Weinreb has a particular genius for getting to the essence of the sport’s popular rise in America’s consciousness. Back when most universities were church related with divinity schools, it figures that the most dominant football school would be a Catholic university–Notre Dame, located in South Bend, Indiana. The most impactful recruit in the school’s history is Knute Rockne, who enrolled at Notre Dame in 1910. Not only was he a great player, but he was a great coach and motivator. Weinreb weaves the tale of Rockne back and forth between legend and reality. The giant statue of Jesus Christ outside the football stadium on campus shows him with arms outstretched, interpreted by loyal fans as signaling a touchdown–hence the statue’s nickname: Touchdown Jesus!

Other great coaches throughout college football’s colorful history are chronicled here.
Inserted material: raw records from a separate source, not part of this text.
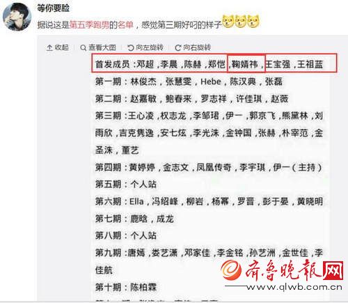 對此,《跑男》推廣總監(jiān)如夢堯10月4日下午發(fā)文否認,而鞠婧祎也發(fā)文,疑似撇清炒作嫌疑。藝人邀請方面,肯定不是《跑男》原班人馬,但是嘉賓中肯定有鹿晗,《跑男》真的是一季不如一季,特別是各大真人秀都紛紛而至的時候,《跑男》總感覺后勁不足,而且很假。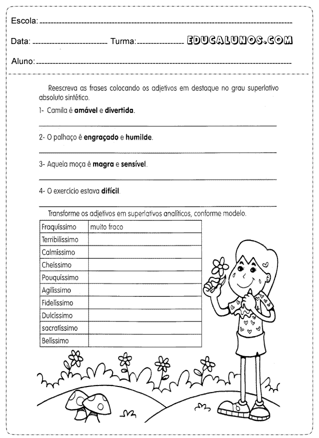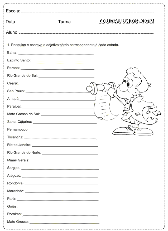 Hoje trago para vocês diversas Atividades para o 5° ano de português para pesquisar e escrever o adjetivo pátrio correspondente a cada estado, observe a cena e dê um adjetivo para cada figura numerada, descubra o segredo, interpretação de texto, adjetivo com graus superlativos e absoluto sintético.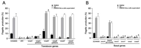 Flagella are surface appendages that propel bacteria towards nutrient-rich environments or help bacteria escape from environmental foes []. Motility is considered beneficial for bacterial pathogens for colonization of host mucosal surfaces generally bathed by a protective mucus gel. Many illness-causing bacteria inject numerous effector proteins, which have specific targets in host cells as part of the pathogenic scheme [,,]. The injection of these effectors is achieved by a needle-like secretion machinery called the T3SS. Structural analysis of the basal bodies of the T3SS and flagella revealed striking similarities. Both virulence-associated machineries are strictly regulated by specific genetic elements and regulatory networks in response to specific environmental conditions [,,,,,]. Virulence-devoted regulators are also known to modulate flagellation and the production of the injectisome according to the host’s niche to ensure that they are most efficient during interaction with the host cell. In addition, in pathogenic bacteria such as S. enterica, Y. enterocolitica, and P. aeruginosa, the flagellar regulon exerts a negative effect over the production of T3SS. Conversely, previously published data showed that EPEC mutants lacking or defective in T3SS function are also defective in flagella production and motility when growing in DMEM []. Thus, it is apparent and conceivable that a molecular cross-talk exists between flagella and the T3SS, which, in this study, we sought to address. We began by studying the production of flagella in mutants (ΔespA, ΔespB, and ΔespD) defective in assembling the secretory needle, which is built up of polymerized EspA, at the tip of which, the EspB and EspD proteins sit and form a pore through the host cell membrane. First, we analyzed flagella production in bacteria after 3 h-incubation with HeLa cells, in which the inoculum for these infections was originated from LB cultures. The ΔespA mutant was unable to produce flagella and to swim while the ΔespB and ΔespD mutants produced a similar number of flagella to the wild-type strain. The complementation in trans of the ΔespA mutant restored flagellation. We also inquired about the role of growth media (LB, DMEM) as well as the presence of HeLa cells in expression of fliC and production of flagella using DMEM cultures as inocula. Growth in either LB or DMEM repressed flagella production in the ΔespA mutant. However, the ΔespB and ΔespD mutants produced flagella after growth in LB and in the presence of HeLa cells. The data strongly suggest that an intact EspA needle is required for flagella to be optimally produced. fliC transcription in the ΔespA mutant was reduced by 50% with respect to E2348/69 when growing in LB, 25% in DMEM, and 20% in the presence of HeLa cells. The presence of fliC mRNA in this mutant does not account for the demonstrated lack of flagella. Thus, it is possible that other post-transcriptional or translational effects are responsible for the absence of flagella in the ΔespA mutant.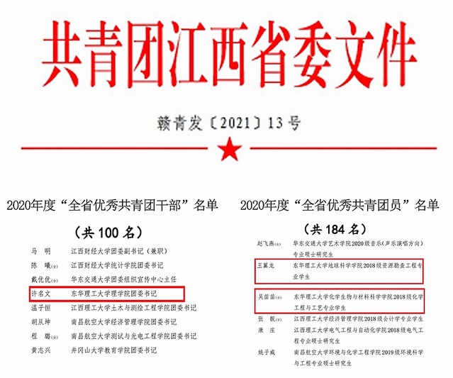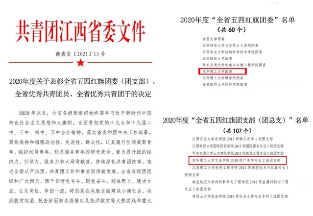 其中,东华理工大学团委获2020年度“全省五四红旗团委”称号;文法学院2018级广告学专业2班团支部获2020年度“全省五四红旗团支部”称号;理学院团委书记许名文同志获“全省优秀共青团干部”称号;地球科学学院王翼龙、化学生物与材料科学学院吴苗苗同学获“全省优秀共青团员”称号。

Ohio State’s Woody Hayes, Notre Dame’s Ara Parseghian, Penn State’s Joe Paterno, and the University of Michigan’s Bo Schembechler are given ample treatment. These men coached in the 1960’s through the 1980’s (Paterno into the New Millennium!), which Weinreb characterizes as the greatest era of college football importance. The coaches during this era had to navigate the delicate political waters of campus protests over Vietnam and Watergate, as well as the societal upheaval brought on my drugs, free love, rock music, and anti-authoritarianism.

Wienreb talks about society in general, and shows its influence on the men who coached and played football. He references the Cold War, Sputnik, Hippies, Alabama Governor George Wallace, movies like The Big Chill and Red Dawn, Marcel Proust, Mick Jagger, Nepalese Carpeting, and The Weather Channel. The last 4 games that he chronicles are among the most thrilling and unbelievable football games in professional or college sports. It’s a fitting way to end a wonderful romp through history. Things always get better with time–at least in the realm of football.

Perhaps Weinreb’s most interesting story involves Manti Te’o, the Mormon Hawaiian linebacker who played his college football at Notre Dame. In the fall of 2012, a few months before a muckraking website called Deadspin published a story headlined “Manti Te’o’s Dead Girlfriend, The Most Heartbreaking And Inspirational Story Of The College Football Season, Is A Hoax,” Weinreb attended a game between BYU and Notre Dame in South Bend, Indiana. At that point the Irish were undefeated (they would finish the regular season 12-0 and would play for the National Championship). In the game, Notre Dame eked past BYU 17-14, with Te’o contributing ten tackles and intercepting a pass. Te’o, interviewed afterward, told a national television audience that his dead girlfriend and grandmother were with him the whole time, giving him spiritual inspiration. Never mind that the girlfriend was a Stanford coed, had been injured in a car crash, then had contracted leukemia, and had died within 48 hours of Te’o’s grandmother, and never mind that said girlfriend was TOTALLY MADE UP–a figment of Te’o’s imagination. This was Hollywood stuff.

“Season of Saturdays” tells a story about religion, spirituality, and American sports at its wacky best!